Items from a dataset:
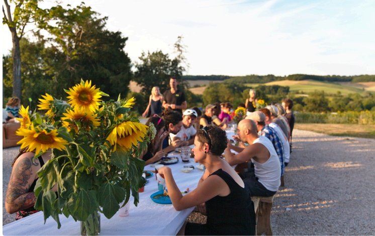
En passant par la Loustère, une journée festive et paysanne !

L'association Toc-Arts et l'Atelier des Huiles organisent leur désormais événement annuel : "En passant par la Loustère, une journée festive et paysanne!"
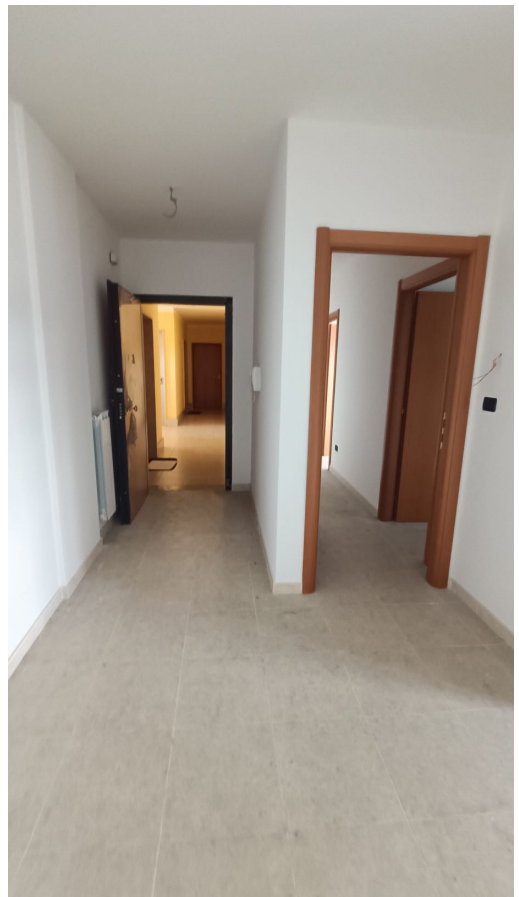
Immobile sito in Pescara alla Via di Sotto n.3, Piano primo, Scala D, Palazzina B distinto al Foglio n.18 Particella n.2874 Sub. n.119
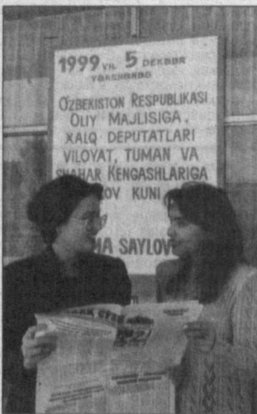
В эти дни в Навои подготовка к предстоящим 5 декабря 1999 года выборам нового состава...
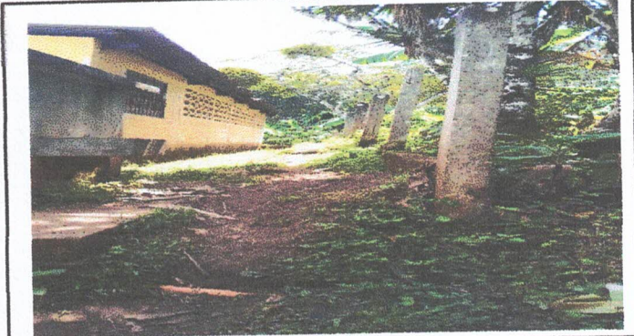
Foto 2: Aquí se muestra la parte de atrás del centro educativo, también hay columnas en malas condiciones, se necesita limpieza de la solera y se tiene que colocar hiladas de block de uve para poder tener mejor resistencia de la malla
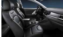
Smokey Grey (Tillval PlusPaket 1) Grått delläder, paneler i vit pianolack
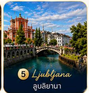
5 Ljubljana ลูบลียานา
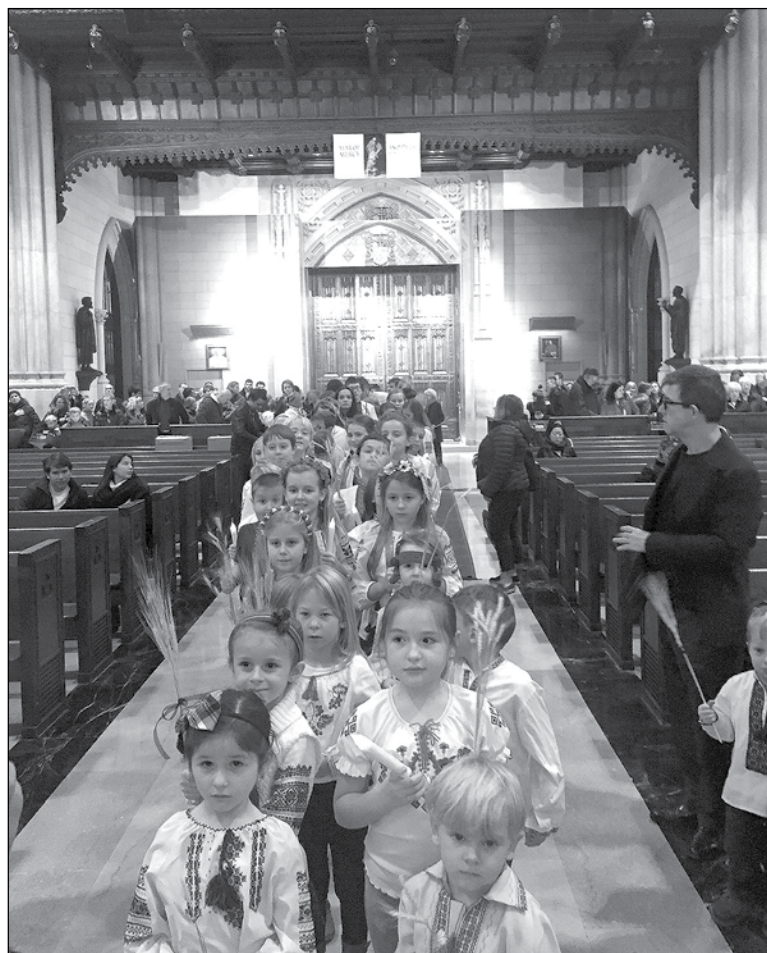
Учні взяли участь у ході в Катедрі св. Патрика.

Після навчання у школі учні взяли участь у щорічному ході в Катедрі св. Патрика перед початком соборного Молебня. Учні запалили свічки та принесли колоски пшениці, як символ пам'яті про мільйони втрачених людських життів. Присутність двох свідків Голодомору на Молебні, які пережили ті чорні голодні роки, є тим живим доказом про нашу історію, яка довго замовчувалася.
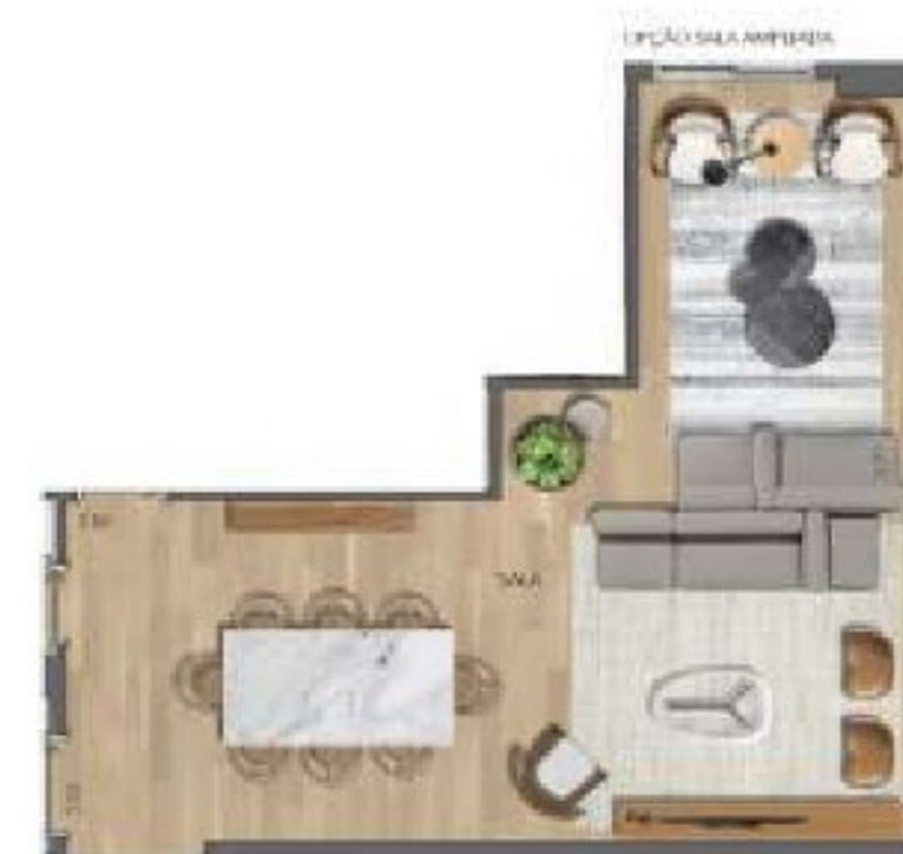
Spotlight Jardim Botafogo Ed. Spotlight II Unidade 202 a 802 - 137,80m 2 privativos Unidade 205 a 805 - 137,80m 2 privativos
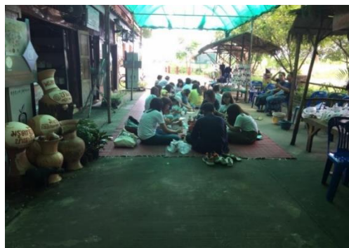
ภาพที่ 4 ภาพจากการเก็บข้อมูล - แสดงกิจกรรมของนักท่องเที่ยวชาวญี่ปุ่นมาเรียนรู้การเขียนลวดลายบนเครื่องปั้นดินเผา
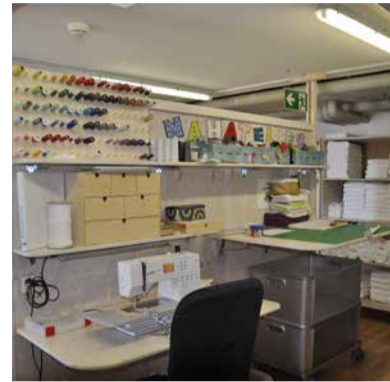
In der heutigen Wäscherei herrschen enge Platzverhältnisse.

Mit dem Neubau schaffen wir eine nachhaltige Zukunft für das Menzihuus. Dort finden mehr Menschen eine Arbeit und sinnstiftende Tagesstruktur, und wir können der hohen Nachfrage nach unseren Arbeits-
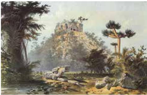
Catherwoods gengivelse af Kukulkanpyramiden i Chichen Itza som den tog sig ud i 1842.
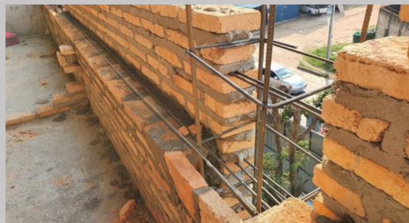
Rigidización de todas las paredes linderas con pilares e hiladas de varillas
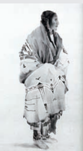
Sioux-Frau, nach Karl Bodmer

Der Uhang der Frau war dagegen mit abstrakten Motiven kunstvoll dekoriert und wurde von einer Frau hergestellt. Die geometrischen Formen lassen sich nicht mehr deuten, wohl aber die ethnische Herkunft der Malerei. Im Fall von diesem Uhang kann man von „ Border-and-hourglass design “ sprechen.
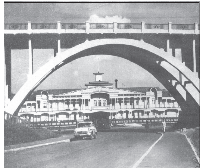
Речной вокзал Ярославля (снимок из альбома).

Здесь пытливые мальчишки и девчонки приобретали новые знания, умения и навыки. А мы, глядя на фотографии прошлого, теперь имеем возможность познакомиться с делами, которыми жили наши предки.
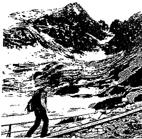
Vysoké Tatry mali nárok na slušnú štátnu dotáciu, jej prerozdelenie
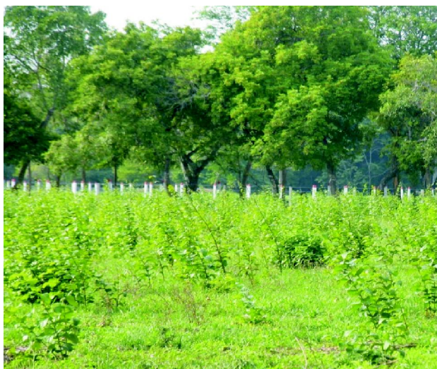
Foto 3. Densidad poblacional de Dichapetalum spruceanum . Tomada por autores

Respecto al estudio fitoquímico preliminar los resultados muestran que Dichapetalum spruceanum (tabla 2), presenta entre sus metabolitos secundarios alcaloides, compuestos cardiotónicos y cumarinas, detectados por pruebas específicas de coloración, realizadas sobre el extracto etanólico, estos resultados coinciden con algunas de las observaciones recogidas
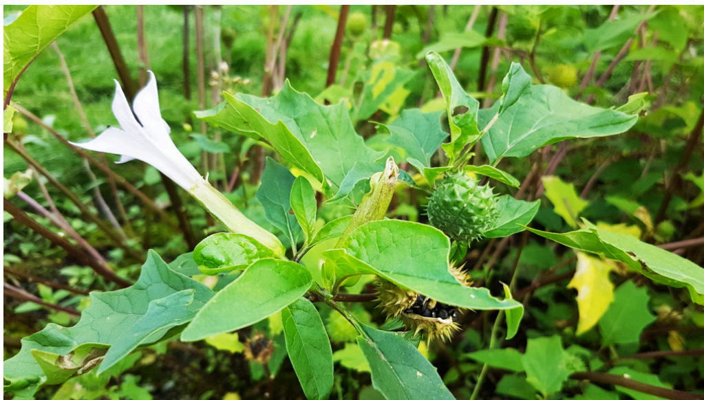
Figur 5 Piggeple ( Datura stramonium ).
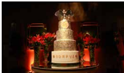
Bolo em comemoração dos 45 anos da CORPVS
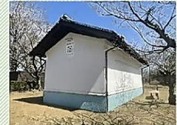
▲増設予定の臼杵公園防災倉庫
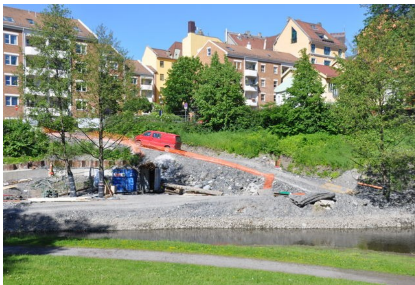
Her er det plass til et lite «Toscana» langs elvebredden.

På nedre Grünerløkka rett nord for Ankerbrua og vis à vis DogA, er det langs elvas østlige bredd en skråning som i dag ikke er i bruk. Området er på omlag 2,8 mål og er for bratt for ferdsel. Nå er området preget av anleggsarbeidet med Midgardsormen. Flere har tatt til orde for å utvikle dette området og gjøre det tilgjengelig for de mange som bruker Akerselva til rekreasjon. Denne delen av Akerselva har i flere vært preget av narkosalg. Økt tilgjengelighet og mer folk vil bidra til mindre kriminalitet og større trygghet.
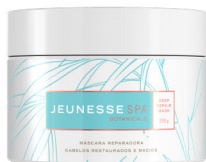
JEUNESSE SPA BOTANICALS® DEEP REPAIR MASK 250 ml
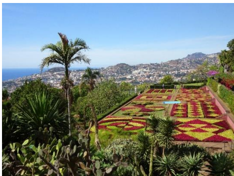
Funchal botaniska trädgårdar
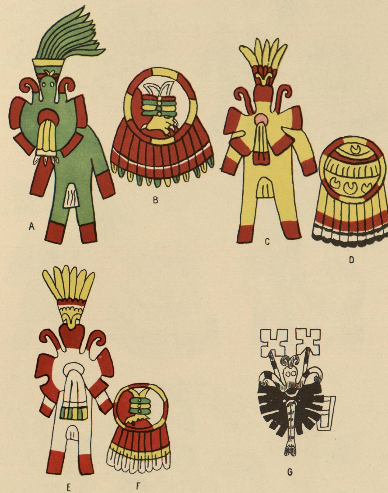
Trajes militares y divisas de los guerreros mexicanos. — A, Vestido papalotl, verde, y divisa QUETZALPAPALOTL; B, escudo CUAUHTETEPONYOCHIMALLI; C, vestido PAPALOTL, amarillo, de oro, divisa ZACUANPAPALOTL, de plumas amarillas del pájaro ZACUAN; y D, escudo, CUEXOCHIMALLI; E, vestido PAPALOTL, blanco y rojo; F, escudo CUAUHTETEPONYOCHIMALLI; G, bandera, ITZPAPALOTL, de color negro, hecha de plumas negras de cuervo ó de láminas de cobre.
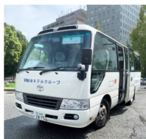
⑤シャトルバスが目印です
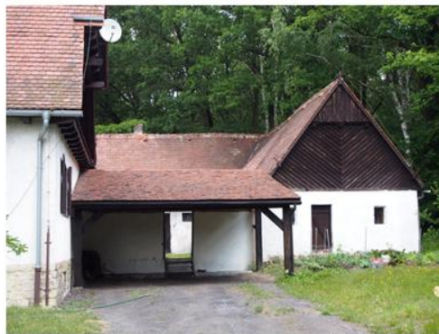
Widok zabudowań gospodarczych w kierunku NE
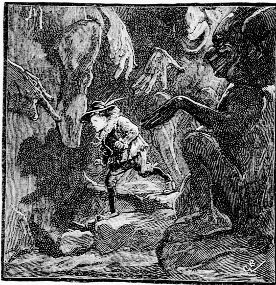
... A BORZALMAS UTON ELŐRE! (Lásd a 351. lapon.)

volna, mint a többi, mindjárt háborut kezdtek volna ellene; de hát erre gondolni sem lehetett. A bűvös sziklafalon nem lehetett sereggel keresztül jutni; ha pedig abba a keskeny sziklahasadékba, az egyedüli utba, bemennek, ott az ellenség egészen kényelmesen lekasabolja egyik vi-
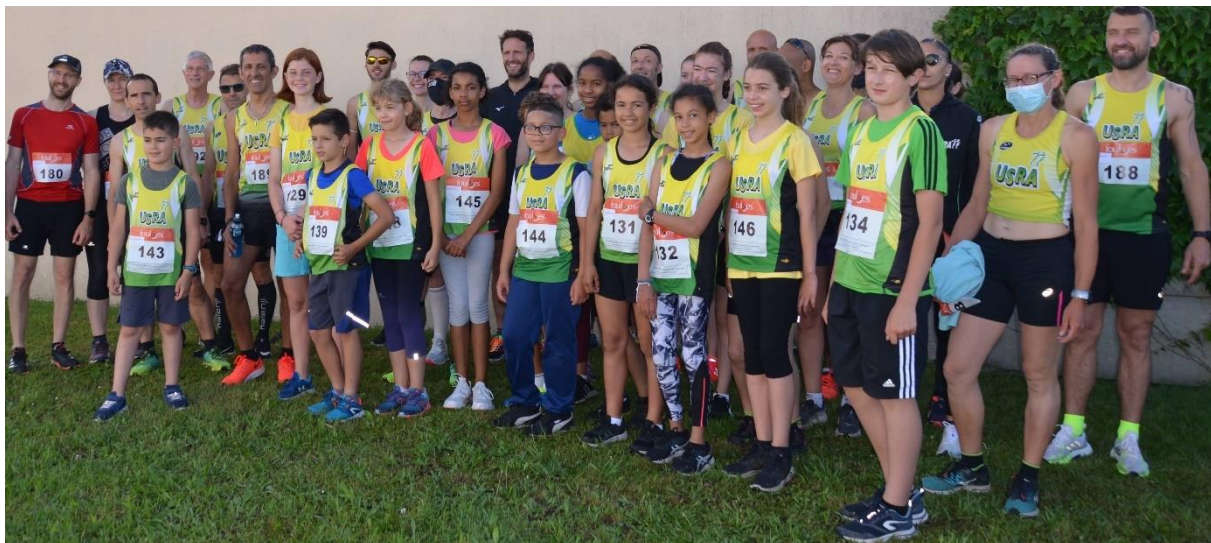
Une belle représentation à Presles en Brie avec 25 adultes et 15 jeunes

**PROBLEM**. For the lines above, output exactly those from the line containing "Sioux-Frau, nach Karl Bodmer" through the line containing "Der Uhang der", and skip the others.

**RESPONSE TO THE TASK**.
Sioux-Frau, nach Karl Bodmer

Der Uhang der Frau war dagegen mit abstrakten Motiven kunstvoll dekoriert und wurde von einer Frau hergestellt. Die geometrischen Formen lassen sich nicht mehr deuten, wohl aber die ethnische Herkunft der Malerei. Im Fall von diesem Uhang kann man von „ Border-and-hourglass design “ sprechen.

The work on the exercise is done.